Dr. Greg Yuen

Ocean Vegetables

Ocean Vegetables

Living in Hawaii, you are likely to run into some seaweed especially if you are out enjoying the water at the beach. Most of us do not realize that these ocean vegetables offer a precious addition to our diets.

Seaweed comes in many forms. Perhaps the most notable local expressions are: nori which is the black sheet that sushi is rolled with; and limu that you find in poke, a raw fish appetizer. If you ever had nishime at a Japanese deli, you will know about nishime kombu, the knotted seaweed. You may not realize that the Japanese jello, kanten, is also made from seaweed. It’s otherwise called agar-agar and reportedly helps with weight reduction.

The special attribute of seaweed is its high concentration of minerals. In some seaweed, there is 10 to 15 times the minerals as in the same weight of beef or trout.

One square inch of either wakame or kombu seaweed meets the daily dietary requirements of iodine, known to help thyroid function. Another important mineral in seaweed is calcium. Seaweed can have ten or more times the quantity of calcium as the same weight of milk or cheese.
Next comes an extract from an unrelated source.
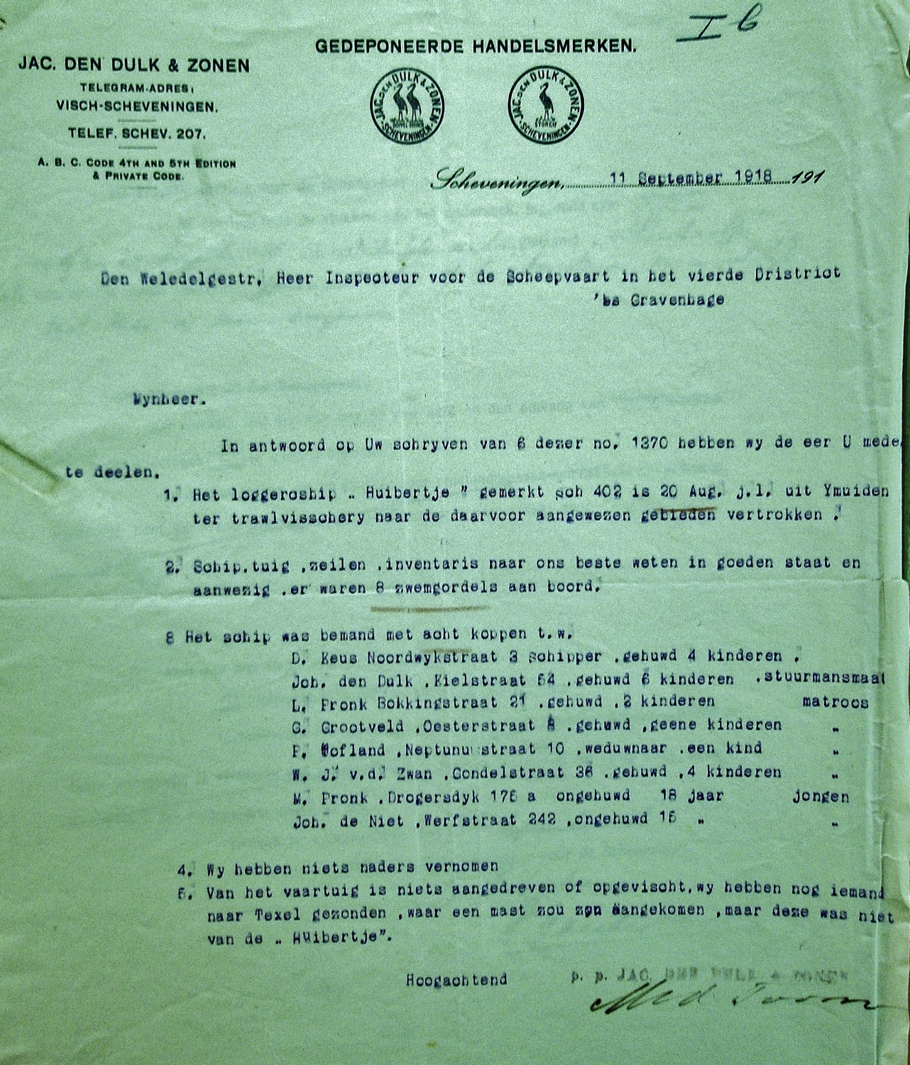 Dirk Keus: zijn zoon Johannes- kwam in 1926 om op de VL 213 'Theodoor.'

Other minerals found in seaweed include iron, phosphorus, potassium, manganese, sodium and zinc. Seaweed also has quantities of vitamins A, C and B complex, including B12, a vitamin especially important for vegetarians. All in all, seaweed helps with nails, teeth, hair and bones.

Seaweed is noted for having alginates which help to detoxity effects from radioactivity and heavy metals, so if you are regularly around x-rays, you might use more seaweed in your diet. Seaweeds, especially nori and dulse, also have protein and dietary fiber to help reduce cholesterol.
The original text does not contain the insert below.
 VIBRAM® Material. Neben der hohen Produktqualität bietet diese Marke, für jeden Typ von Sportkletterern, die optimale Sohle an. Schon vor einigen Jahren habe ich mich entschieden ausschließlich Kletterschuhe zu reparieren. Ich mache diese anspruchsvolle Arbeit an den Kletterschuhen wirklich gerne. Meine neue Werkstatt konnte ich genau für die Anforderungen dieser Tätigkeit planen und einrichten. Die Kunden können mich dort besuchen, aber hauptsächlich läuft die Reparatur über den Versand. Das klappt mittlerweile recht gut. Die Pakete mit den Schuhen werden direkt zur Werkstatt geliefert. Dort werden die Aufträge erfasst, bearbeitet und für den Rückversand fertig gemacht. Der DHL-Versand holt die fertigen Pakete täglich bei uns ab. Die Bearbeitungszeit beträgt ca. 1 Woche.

You can easily add seaweed to your life by using it in soups. Kombu, arame or wakame are particularly nice when used this way. Kombu, or specifically “dashi Kombu”, is used to make soup stock. Its flavor comes from its monosodium glutamate, MSG, but in a healthier form. Sushi nori can be eaten daily to accompany any grains where you can “roll your own”. Another alternative is to use flakes of seaweed, such as ao nori, kelp, or dulse to sprinkle on your food; these flakes are most likely found in health food stores. Fresh limu can be used in salads, in soup, or cooked with various dishes.

Seaweed can be used in dishes other than soups. The Japanese dried seaweed has to be soaked in water for 10 to 20 minutes to soften it. These dried seaweeds include kombu, arame, wakame, nori and kanten from the Oriental food section of the supermarket. You do not need to eat a lot of seaweed daily. Several tablespoons a day are a good start. If you eat too much, you might have mineral overload. Even these humble seaweeds can be beneficial to our health.